18 Before I do that, I will turn aside to make some observations on mediation. I have brought mediation under consideration of my own motion. Mediation is provided for by section 26 of the Civil Procedure Act 2005, the effect of which is that it is open to me to make an order for mediation of my own motion notwithstanding that neither party has applied for such an order. There are aspects of the present controversy which to my mind make it highly suitable for mediation. The parties are closely related, and their dispute is about what I would in a general expression call family property; that is, property traceable to the parent of the parties principally involved. Although there is an indirect step the dispute relates to the administration of the estate of their parent and the disposition of his assets. On the face of things there are ample resources, so no-one is in a corner over the disposition of assets. From the point of view of the court and indeed of the public a family dispute in open court disposed of by adjudication by a public officer has an unfortunate appearance. From the point of view of the parties, who have a long future to look forward to, resolution of their dispute by agreement could, I rather think, come to seem, particularly as the years extend, a much more satisfactory outcome than resolution imposed by a court. They are family members, and future harmony within the family, if it ever appears, has a high value from the point of view of the parties themselves and also from the point of view of the community at large. I have asked counsel whether there are any circumstances in the parties' relationship or past conduct which would make meeting for mediation in any sense a danger to peace and order and I have been told that there is no such consideration. The advantage of mediation is that if the parties can participate sincerely in mediation there are opportunities for considerations to which the court would pay no regard to emerge, be debated, and assume whatever proper dimensions they have. A court cannot do this. I have decided that this is an appropriate case for me to make an order under section 26 of the Civil Procedure Act for compulsory mediation. I will reserve liberty to the parties to apply for detailed directions, if that should be necessary; although the ordinary course is that parties find it quite possible to attend to details such as selecting and retaining a mediator, appointing times and places and so forth.

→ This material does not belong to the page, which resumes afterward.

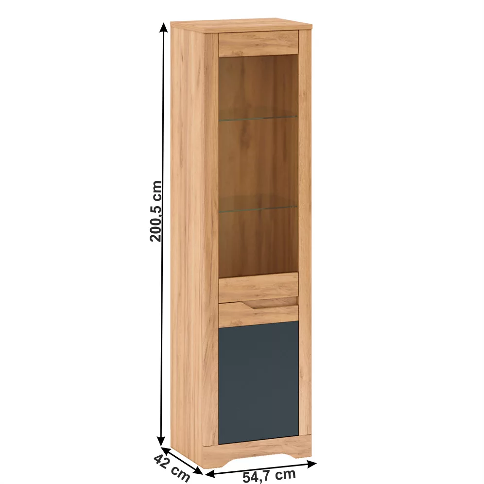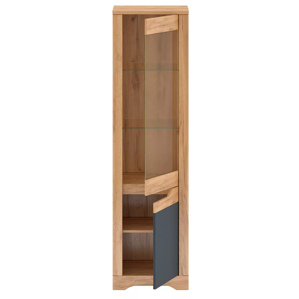 Az otthonod kialakítása során gyakran merül fel a kérdés: hogyan teremthetsz egyszerre rendezett, mégis egyedi és modern hangulatot? A FIDEL bútorkollekció pontosan erre a kihívásra ad választ, különösen ez a stílusos üveges szekrény. A craft arany tölgy meleg, természetes textúrája és a grafit szürke hűvös eleganciája tökéletes kontrasztot alkot, melyet a minőségi laminált DTD és fóliázott MDF alapanyagok tesznek időtállóvá.

19 I make the following orders in each of the two proceedings:
- Order pursuant to s 51(1) of the Supreme Court Act 1970 that the appeal proceedings be removed into the Court of Appeal.
- I direct that the defendants make an application to the Registrar of the Court of Appeal for directions relating to the further conduct of the appeal proceedings including conduct of an application for leave to appeal.
- I order that the costs of the proceedings before me follow and be paid in accordance with any order for costs to be made by the Court of Appeal upon the application for leave to appeal or on any appeal.
- Of my own motion I order pursuant to s 26 of the Civil Procedure Act 2005 that the whole of the proceedings be referred to mediation by a mediator.
- I reserve to each party leave to apply to me on 2 days' notice for directions in detail relating to the appointment of a mediator and the conduct of mediation.
- I order that the plaintiff has leave to file amended summons so as to join as an additional defendant Boyeli Pty Ltd and to amend the relief accordingly.
- I direct that the amended summons be filed within 10 days.
- Costs of the amendment are defendants' costs in the proceedings.